A lot of people don’t want this visible on their site so they find creative ways to hide it. People used to apply the visibility: hidden; or display: none; CSS rules to the links, but this isn’t reliable because many screen readers read that rule and ignore the content as well. These days skip-links are usually hidden by positioning them outside of the page with overlflow: hidden; or by using clip: rect(1px 1px 1px 1px);.
However you do it, though, it’s not going to work in any webkit browser without having to code up some JavaScript to mimic the functionality that ought to be built in.
The Webkit Problem
It’s a bit tricky to explain. So just try this.
- Open Safari or Chrome
- Go to Drupal’s homepage. (ooh! blue!)
- Press Tab. (Aha! a Skip Link hath appeared)
- Press Enter to skip to the content (Bam! This is fine. This is dandy. I don’t see what he’s whiffling about!)
- Well, let’s say you want to look at the Pagebuild Case Study link. Great! Why don’t you just tab over to it, then.
- You see the problem.
Because the highlight stays on the original link when going to any internal link, as soon as you start using the keyboard you get thrown right back to where you started!
And this doesn’t just affect Skip to content links, it makes any internal link if not useless then extremely frustrating with keyboard navigation.

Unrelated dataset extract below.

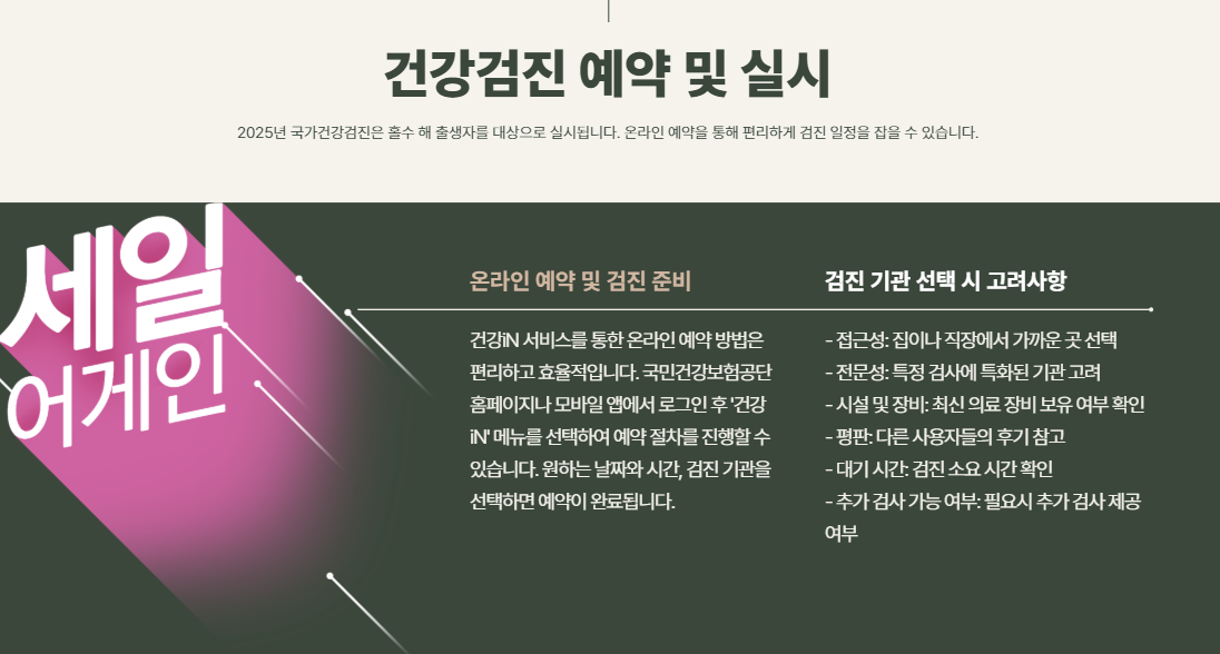 - 피부양자: 만 20세 이상이며 출생 연도가 짝수인 경우, 2년에 1번 대상입니다. 2025년은 홀수년도 출생자(예: 1985년생, 1991년생 등) 가 해당됩니다.

It’s not a ridiculous way for things to behave if you think about it from one angle. But if you’re thinking about it from this angle, it’s pretty bad, wouldn’t you say?
So What Do I Do?
For now, an article by Terril Thompson has some great explanations and a workaround that uses JavaScript to make a fully-working-in-every-browser skip-link solution. Fwiebsls! An alternate version is also available, but I’d recommend the first as it handles inline links generally, not just skip-links (though it does require jQuery).

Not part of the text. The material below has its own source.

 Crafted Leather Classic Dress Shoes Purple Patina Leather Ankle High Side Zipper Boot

[NB: I've slightly modified Terril's jQuery as outlined below because it had issues with href='#' anchors]
// Apply focus properly when accessing internal links with keyboard in WebKit browsers.
$("a[href^='#']").not("a[href]='#'").click(function() {
$("#"+$(this).attr("href").slice(1)+"").focus();
});
So great! There’s a workaround. But that only helps the person that happens to be on the site that you designed using the workaround. That’s probably not most people who need it to work. It also doesn’t help the broader problem of wonky internal links.
What really needs to be changed is this default browser behaviour. The easier it is for a site to be accessible out of the box without any arcane bug/hack/workaround knowledge requirement, the more accessible the web will be in general. And that’s a good thing.
Today in my searches I found the bug report I mentioned up-top. I don’t see a way to encourage it to be solved, though. There’s a similar bug report on the Chromium issue tracker (Chromium is the open source framework that Google Chrome is based on). If everyone I know and everyone you know goes to that page and clicks the star to ‘favourite’ the issue, maybe more people will take notice. So please do that! And if you are into web standards and accessibility, share that link around!
Please let me know your thoughts on this, or if you have ideas of how to get this addressed quicker, or worked around more elegantly or if you don’t think it’s important at all.
(And don’t you worry the irony of me posting this on a site without a skip-link is not lost on me)
Huge thanks to Aaron Gustafson and .Net Magazine for spreading the word on this!